Crockpot Goulash
The Kitchn | 12.12.2025 14:41
If I could have it my way, I’d spend the day cooking. I often envision a perfect scenario where my morning begins with coffee and breakfast, followed by a leisurely stroll to the grocery store. There, I gather delicious ingredients to bring home to create an incredible meal for my family to enjoy. Yes, this happens occasionally on the weekend, but my weeknights are anything but leisurely. There’s barely time to even think about dinner, let alone romanticize the process.
That’s why I rely on recipes that are delicious and efficient, think one-pan, one-pot, or slow cooker. I’ve got recipes like these tabbed everywhere. One of my family’s new favorites is crockpot coulash. It’s a cozy dish made with pantry and fridge staples like canned tomatoes, ground beef, and elbow macaroni.

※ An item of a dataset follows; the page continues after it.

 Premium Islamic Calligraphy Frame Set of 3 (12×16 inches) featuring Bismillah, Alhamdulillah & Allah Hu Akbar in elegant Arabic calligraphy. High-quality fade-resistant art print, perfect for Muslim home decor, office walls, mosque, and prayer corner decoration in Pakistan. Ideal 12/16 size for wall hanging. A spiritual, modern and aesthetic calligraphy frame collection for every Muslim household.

- It’s mostly hands-off. Aside from browning some ground beef and softening up some onions in a skillet, there’s not much cooking. Just add the remaining ingredients to the crockpot, set it to low, and let it do its thing.

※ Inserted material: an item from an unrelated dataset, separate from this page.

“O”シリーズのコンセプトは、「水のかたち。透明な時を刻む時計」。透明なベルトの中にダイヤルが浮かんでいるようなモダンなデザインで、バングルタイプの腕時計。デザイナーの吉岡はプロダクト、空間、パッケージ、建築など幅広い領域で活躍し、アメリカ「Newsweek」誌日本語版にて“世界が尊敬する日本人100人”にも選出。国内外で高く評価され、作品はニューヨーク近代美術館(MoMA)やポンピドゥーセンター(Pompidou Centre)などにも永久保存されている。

- You can customize it. I’ve always considered recipes suggestions. You know your palate (and your family’s palate) best, so have fun and customize! Add your own spices and herbs, finish with a big glug of balsamic vinegar, or add a Parmesan cheese rind to season and flavor the dish as it cooks low and slow.
- Ground beef: Opt for 80% or 85%, which adds fat and also stands up well to the long cook time.
- Canned fire-roasted tomatoes: Brings in more flavor than just regular canned diced tomatoes.
- Garlic: I like the flavor of two minced cloves, but you can add more and even omit altogether based on your preference. I recommend skipping the pre-minced jarred versions; they’re convenient, but their flavor doesn’t compare to freshly minced.
- Onion: Usually I cook onion first to soften it a bit before adding my ground meat for browning. But for this recipe, I speed things up by cooking them together.
- Macaroni: Elbow macaroni is the most used pasta shape for goulash, and I agree it’s a good choice. If you’d like a different shape, go for it, but stick with something small so that it cooks evenly.
- Prep the sauce. Add diced tomatoes along with tomato sauce and paste, beef broth, Worcestershire sauce, garlic, and Italian seasoning to the crockpot. This will be the base of the goulash sauce.
- Brown the beef and soften the onion. Since most crockpots don’t have a “saute” feature, you’ll need to brown the beef and cook the onion separately on the stove. It only takes about 6 minutes, and then it’s ready for the slow cooker.
- Cook it low and slow. Set the crockpot to “low,” and you can go and get other things done.
- Add the pasta. The final step is adding the elbow macaroni about 45 minutes before you plan on eating the dish. If you’re not around, you can also cook the pasta separately and add it just before serving.